Analysis of your choice that was not performed in the publication

For the last part of the project, you will choose one additional analysis to perform on the data. Whatever analysis you choose must not have been already performed by the publication and must be one of the main analyses listed above or substantial enough as determined by me (i.e. a simple plot is not enough)

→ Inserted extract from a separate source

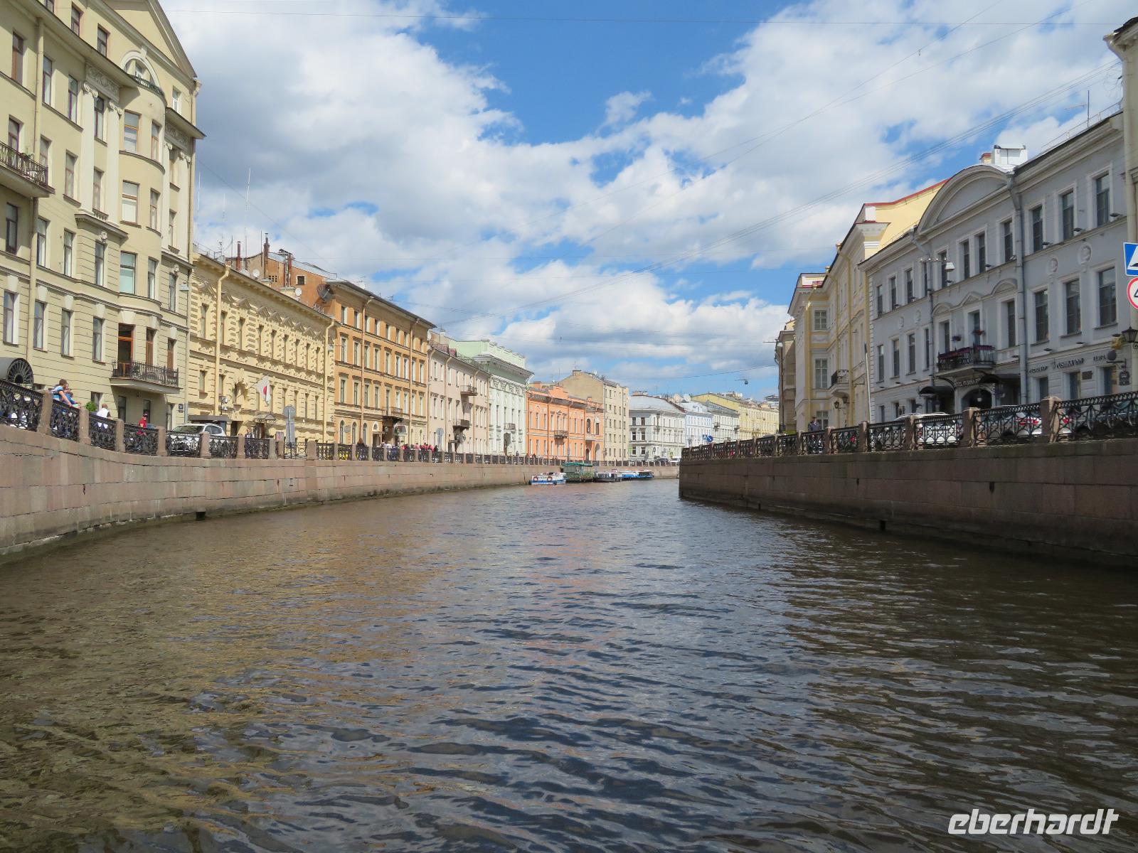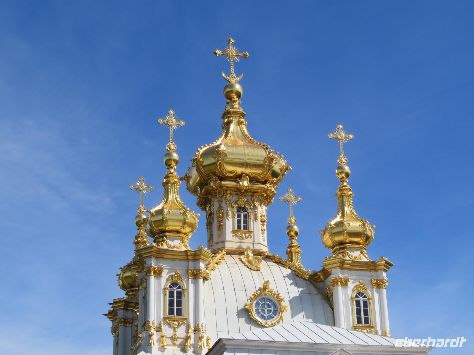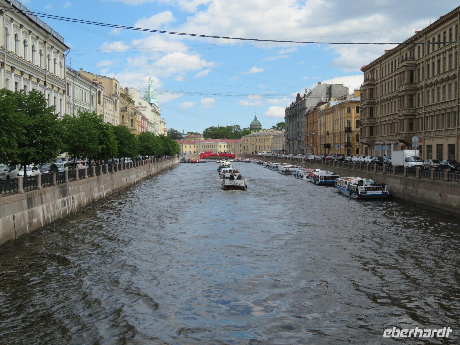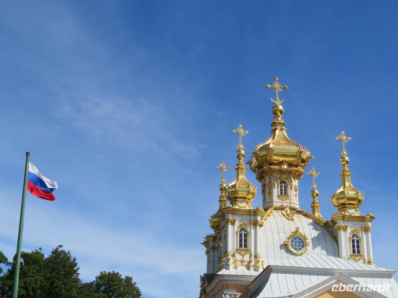 Eine fakultative Bootstour führte über Moika, Newa, Fontanka und Kanal vorbei an all den Adelspalästen, die russische Geschichte schrieben. In zügiger Fahrt erreichten wir über eine neue Stadtautobahn, ab Pulkowo ein wenig im Stau der Datschenausflügler, Puschkin. Das Katharinenschloss im einstigen Zarskoje Selo, gehört sicher zu den eindrucksvollsten Palästen des Barock. Das Bernsteinzimmer als einstiges Geschenk des Preußenkönigs an den russischen Zaren - ein Beispiel gutnachbarlicher Diplomatie ...

You may choose a tool or algorithm with the same constraints as before (it must have a documented code base and an associated publication). You may choose any of the analyses listed above. Please contact me if you are not sure if an analysis is substantial enough.

Figures

  • Create a figure or figure(s) that display the most pertinent results from the analysis

Discussion

  • Briefly remark on the results and why they may be interesting. Provide at least one citation from the literature that represents a potential hypothesis or point of interest from the results you show.

Final Project Grading

The requirements for the final project are:

  1. A single jupyter notebook or Rmarkdown that performs the above tasks, creates the required plots / visualizations and addresses the listed questions

The responses to the questions should be written in the style of a scientific publication, but you will be graded on the content. Each question can be answered in a short paragraph so we encourage you to be brief.